Task details:
Copy out the entries below exactly as they stand, but only from the line containing "3、需要廉价且坚硬的材料,则选择图表左上方的材料,大多为金属和陶瓷。" through the line containing "在開工率達到相對高位的情況下".

Input data:
# # # # # # #

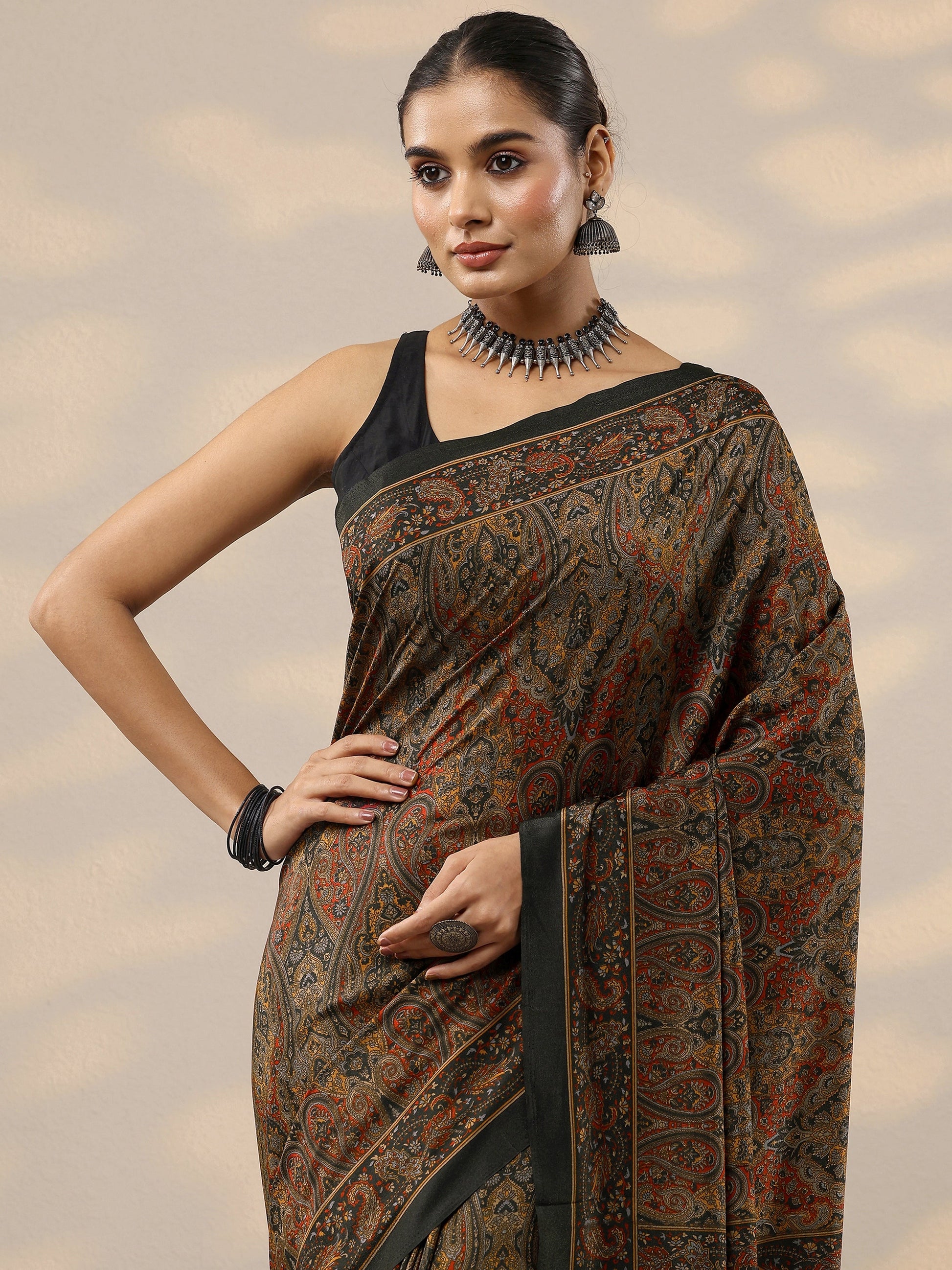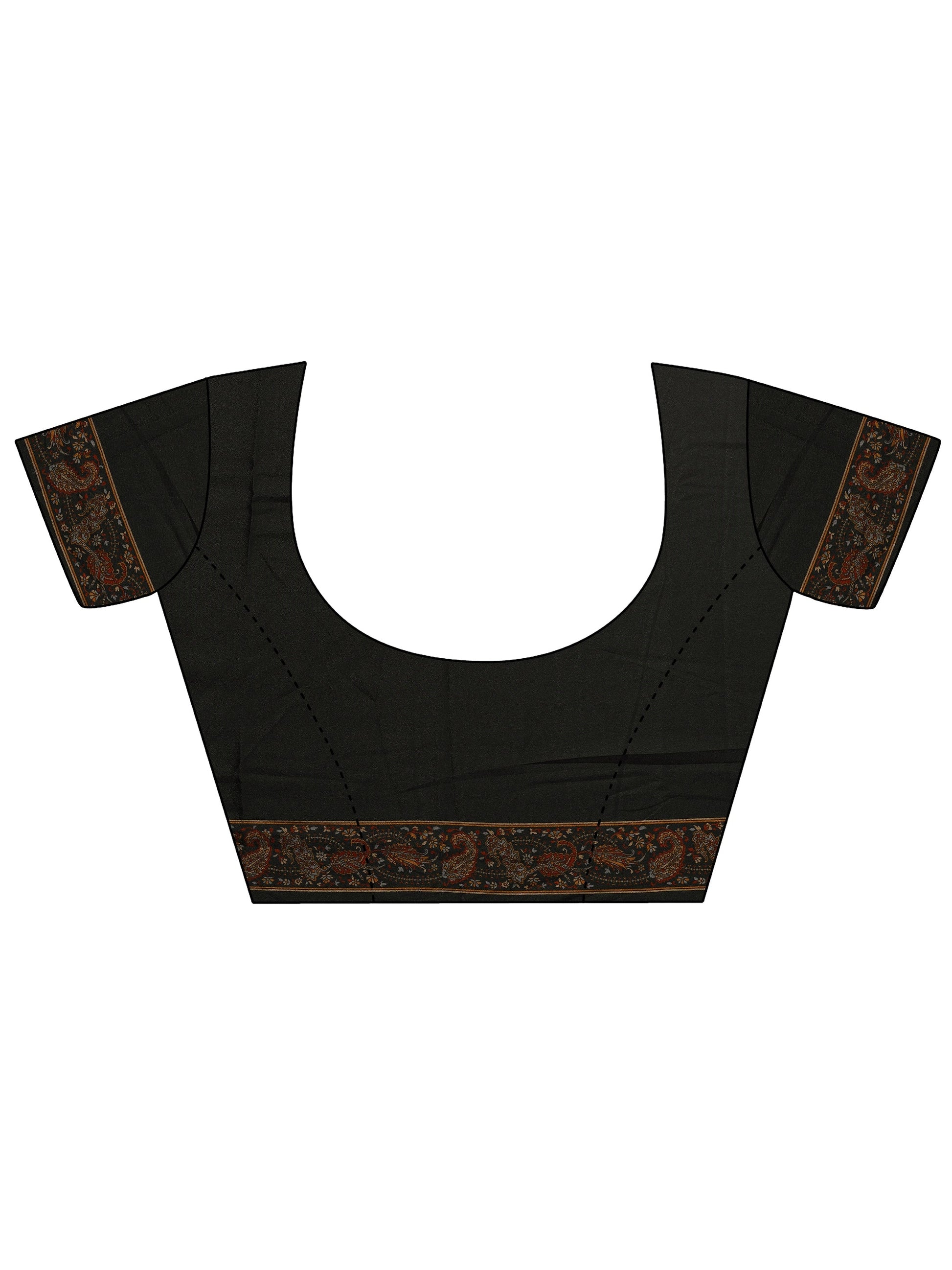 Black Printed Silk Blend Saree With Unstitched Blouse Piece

# # # # # # #

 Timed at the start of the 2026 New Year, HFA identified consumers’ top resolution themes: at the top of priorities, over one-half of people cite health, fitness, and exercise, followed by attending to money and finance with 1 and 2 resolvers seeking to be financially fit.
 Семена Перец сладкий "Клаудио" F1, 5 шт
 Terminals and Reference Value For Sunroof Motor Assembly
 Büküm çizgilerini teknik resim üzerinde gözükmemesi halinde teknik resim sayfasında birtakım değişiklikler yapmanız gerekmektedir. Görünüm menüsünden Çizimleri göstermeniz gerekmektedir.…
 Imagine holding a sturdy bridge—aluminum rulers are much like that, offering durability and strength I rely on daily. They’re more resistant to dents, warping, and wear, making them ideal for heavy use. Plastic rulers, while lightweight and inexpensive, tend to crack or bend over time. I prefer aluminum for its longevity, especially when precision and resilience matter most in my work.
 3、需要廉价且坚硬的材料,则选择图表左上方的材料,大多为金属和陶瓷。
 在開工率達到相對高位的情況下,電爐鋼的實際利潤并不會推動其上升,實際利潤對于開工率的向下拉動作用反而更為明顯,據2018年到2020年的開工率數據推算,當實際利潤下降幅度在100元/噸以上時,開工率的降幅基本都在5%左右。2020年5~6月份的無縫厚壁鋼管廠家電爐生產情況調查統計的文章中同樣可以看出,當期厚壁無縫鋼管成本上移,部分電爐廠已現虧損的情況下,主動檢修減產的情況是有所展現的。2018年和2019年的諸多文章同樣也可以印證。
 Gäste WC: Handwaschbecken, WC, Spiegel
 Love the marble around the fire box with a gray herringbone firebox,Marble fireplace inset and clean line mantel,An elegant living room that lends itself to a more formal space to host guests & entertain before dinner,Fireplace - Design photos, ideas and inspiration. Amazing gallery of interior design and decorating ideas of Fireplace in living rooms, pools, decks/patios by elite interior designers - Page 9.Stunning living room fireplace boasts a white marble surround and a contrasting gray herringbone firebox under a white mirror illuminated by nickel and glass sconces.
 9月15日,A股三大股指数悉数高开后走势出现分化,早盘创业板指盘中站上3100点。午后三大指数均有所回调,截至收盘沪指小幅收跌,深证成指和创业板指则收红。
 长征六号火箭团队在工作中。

# # # # # # #

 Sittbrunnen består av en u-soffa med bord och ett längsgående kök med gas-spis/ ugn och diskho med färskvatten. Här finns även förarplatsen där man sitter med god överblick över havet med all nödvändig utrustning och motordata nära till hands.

# # # # # # #

Your response:
 3、需要廉价且坚硬的材料,则选择图表左上方的材料,大多为金属和陶瓷。
 在開工率達到相對高位的情況下,電爐鋼的實際利潤并不會推動其上升,實際利潤對于開工率的向下拉動作用反而更為明顯,據2018年到2020年的開工率數據推算,當實際利潤下降幅度在100元/噸以上時,開工率的降幅基本都在5%左右。2020年5~6月份的無縫厚壁鋼管廠家電爐生產情況調查統計的文章中同樣可以看出,當期厚壁無縫鋼管成本上移,部分電爐廠已現虧損的情況下,主動檢修減產的情況是有所展現的。2018年和2019年的諸多文章同樣也可以印證。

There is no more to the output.